このように、先般の文化財保護法改正以前から、萩市は萩まちじゅう博物館構想にのっとって住民参加型のまちづくりに取り組んできたところだが、現実にはまだ発展途上である。最近の例では、2015(平成27)年に「明治日本の産業革命遺産―製鉄・製鋼、造船、石炭産業―」が世界文化遺産に登録され、それに萩市からは5つの構成資産が選ばれた。だが、せっかく世界遺産という称号を勝ち得たものの、十分に活用できているとはいいがたい※4。そのためには、一にも二にも住民の積極的な関与が必要だ。世界遺産を守り育てることは、行政だけでなく住民の力なくしては決してなしえないからである。
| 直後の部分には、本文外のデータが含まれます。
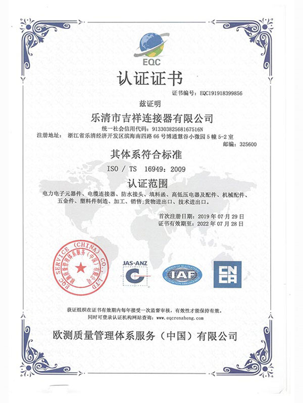 EQC認(rèn)證證書(shū)

今後の課題は、地域住民が萩博物館や萩・明倫学舎などで世界遺産をはじめとする文化財を積極的に活用していくためのスキルを磨き、一人でも多くの方が現場での案内や解説などを実践できるようになるまでの支援体制づくりであろう。私ども学芸職員は、住民が主体となって世界遺産の保存と活用を図るためのお手伝いをする立場でありたいと願うものである。
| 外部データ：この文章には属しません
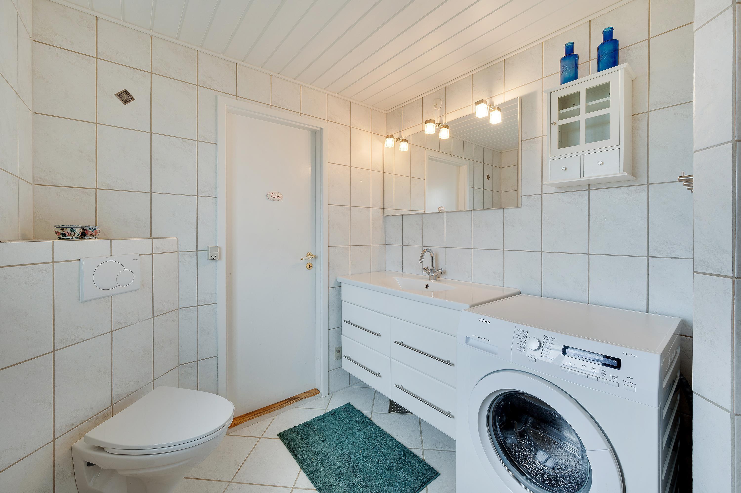 På badeværelset er der gulvvarme, og der kan også vaskes tøj i vaskemaskinen.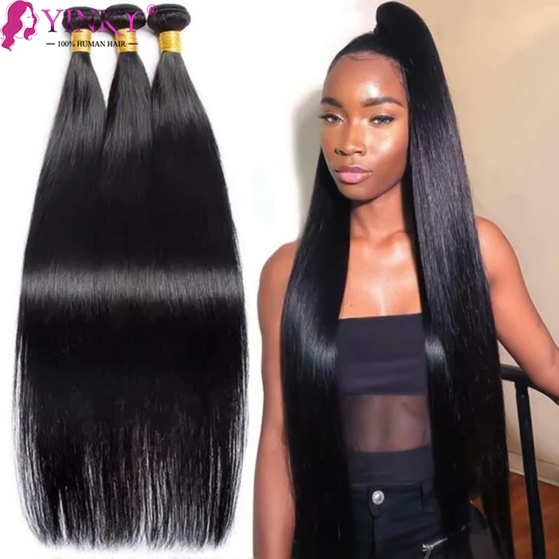 Бразильские прямые человеческие волосы, пучки 30 дюймов, 100% натуральный цвет, Remy, дешевые человеческие волосы, волнистые, можно купить 3 или 4 пучка

最後に付け加えると、萩博物館は本年3月、常設展示の一部リニューアルを完成させたばかりである。新常設展示には、来館者が実際にフィールドを観察しに行きたくなるような仕掛けを施し、なかでも「人と自然の展示室」と命名された展示室には、地域博物館らしい展示が実現した。そのコンセプトは、長州萩藩の兵学者吉田松陰の「地を離れて人なく、人を離れて事なし、故(ゆえ)に人事を論ぜんと欲せば、先ず地理を観よ」※5という言葉にヒントを得たものである。その意味するところは、「土地を離れて人間の存在はなく、人間を抜きにして物事が起きることはない。したがって、人間社会の暮らしやできごとを論じたいのであれば、まずはその地域の様子を詳しく観察しなさい」という具合になろう。自然環境の成り立ちと人間の営み・文化とが密接に絡みあっていることを的確に言い表した言葉で、人と自然の展示室は、萩市の特徴ある大地、海や陸の豊かな自然、長い歴史の一端など、萩という地域を深く掘り下げた展示に仕上がった。ぜひ多くの方々に、萩博物館をスタート地点として、魅力的な萩まちじゅう博物館を体感していただきたい。